WHAT YOU ARE ASKED TO DO
Restate the entries below exactly, and keep all images out of the answer.

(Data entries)
◇ ◇ ◇

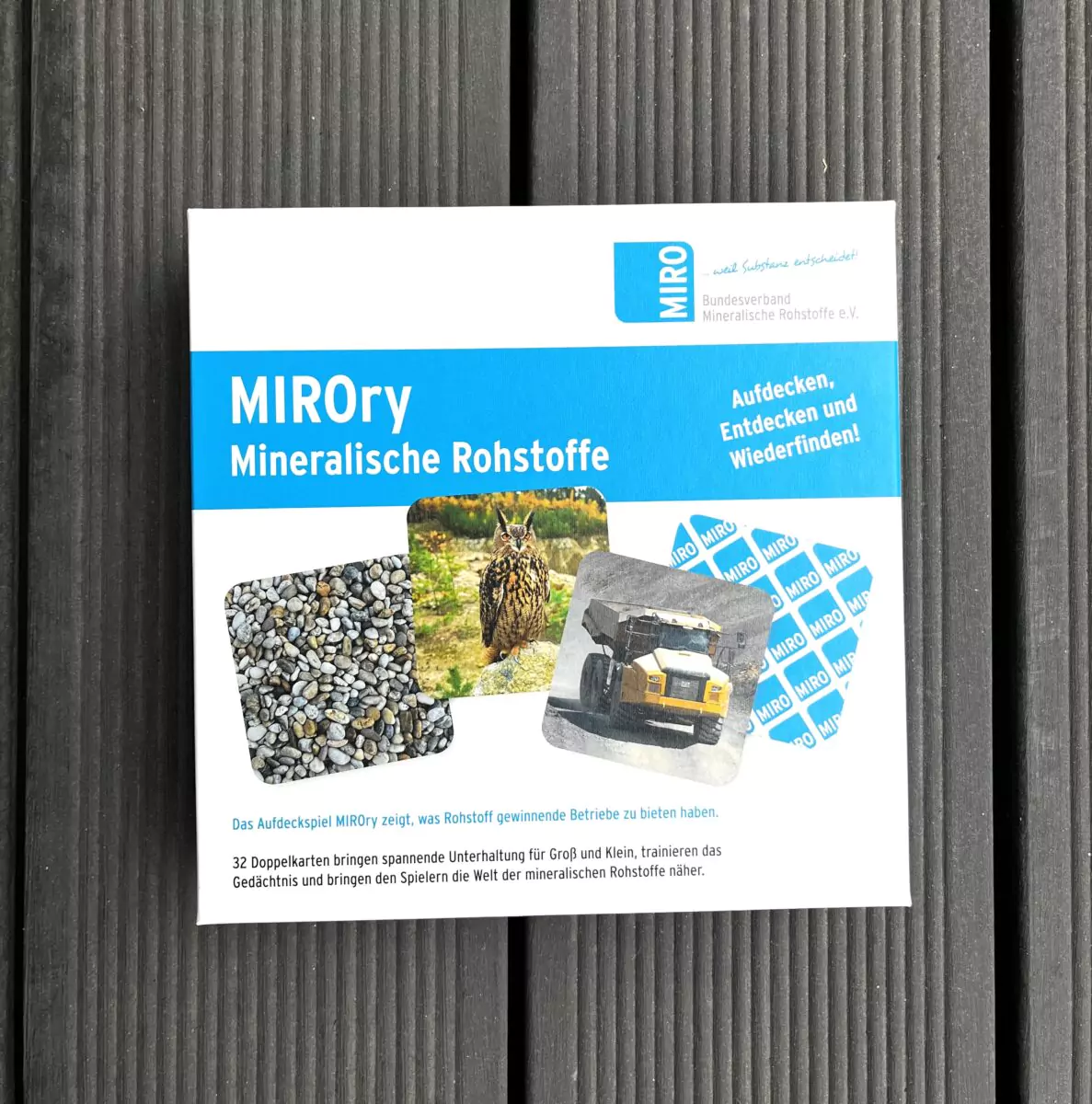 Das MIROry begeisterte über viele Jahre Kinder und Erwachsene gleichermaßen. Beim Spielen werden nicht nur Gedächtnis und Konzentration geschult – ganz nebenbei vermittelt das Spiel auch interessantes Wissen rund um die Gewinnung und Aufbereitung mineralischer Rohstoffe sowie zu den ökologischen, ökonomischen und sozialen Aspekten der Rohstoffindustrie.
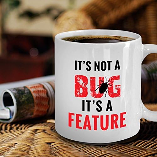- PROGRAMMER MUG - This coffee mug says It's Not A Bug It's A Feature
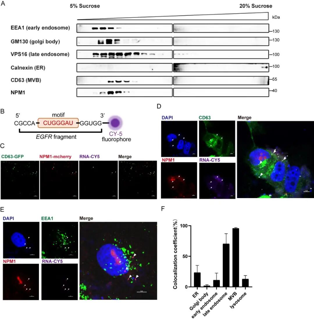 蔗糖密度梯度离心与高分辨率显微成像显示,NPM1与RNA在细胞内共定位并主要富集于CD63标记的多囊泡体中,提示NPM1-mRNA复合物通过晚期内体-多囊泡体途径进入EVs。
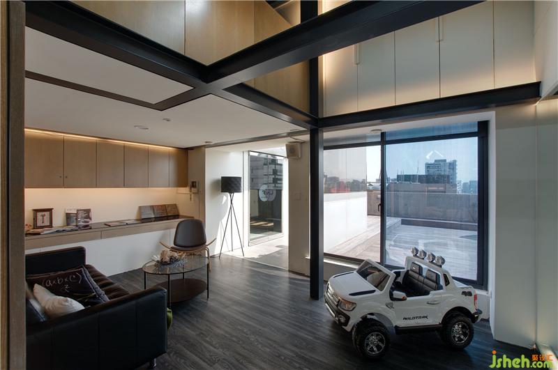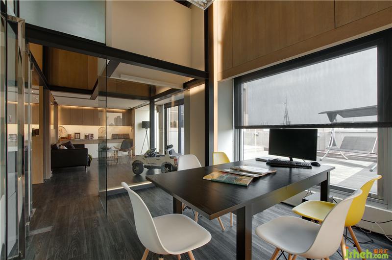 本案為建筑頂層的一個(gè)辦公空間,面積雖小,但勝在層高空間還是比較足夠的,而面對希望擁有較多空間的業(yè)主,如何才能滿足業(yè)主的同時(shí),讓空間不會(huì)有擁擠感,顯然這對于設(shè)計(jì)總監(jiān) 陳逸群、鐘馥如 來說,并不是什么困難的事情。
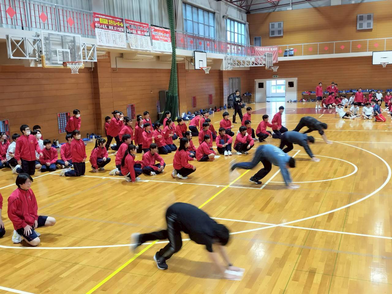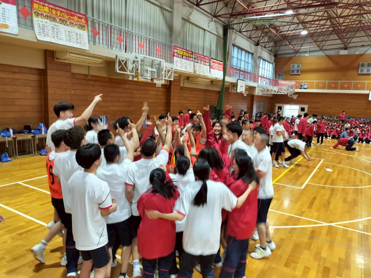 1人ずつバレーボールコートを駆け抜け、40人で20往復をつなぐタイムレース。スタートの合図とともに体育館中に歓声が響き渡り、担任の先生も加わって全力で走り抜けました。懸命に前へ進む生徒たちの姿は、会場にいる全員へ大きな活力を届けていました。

◇ ◇ ◇

WRITTEN SOLUTION
 Das MIROry begeisterte über viele Jahre Kinder und Erwachsene gleichermaßen. Beim Spielen werden nicht nur Gedächtnis und Konzentration geschult – ganz nebenbei vermittelt das Spiel auch interessantes Wissen rund um die Gewinnung und Aufbereitung mineralischer Rohstoffe sowie zu den ökologischen, ökonomischen und sozialen Aspekten der Rohstoffindustrie.
- PROGRAMMER MUG - This coffee mug says It's Not A Bug It's A Feature
 蔗糖密度梯度离心与高分辨率显微成像显示,NPM1与RNA在细胞内共定位并主要富集于CD63标记的多囊泡体中,提示NPM1-mRNA复合物通过晚期内体-多囊泡体途径进入EVs。
 本案為建筑頂層的一個(gè)辦公空間,面積雖小,但勝在層高空間還是比較足夠的,而面對希望擁有較多空間的業(yè)主,如何才能滿足業(yè)主的同時(shí),讓空間不會(huì)有擁擠感,顯然這對于設(shè)計(jì)總監(jiān) 陳逸群、鐘馥如 來說,并不是什么困難的事情。
 1人ずつバレーボールコートを駆け抜け、40人で20往復をつなぐタイムレース。スタートの合図とともに体育館中に歓声が響き渡り、担任の先生も加わって全力で走り抜けました。懸命に前へ進む生徒たちの姿は、会場にいる全員へ大きな活力を届けていました。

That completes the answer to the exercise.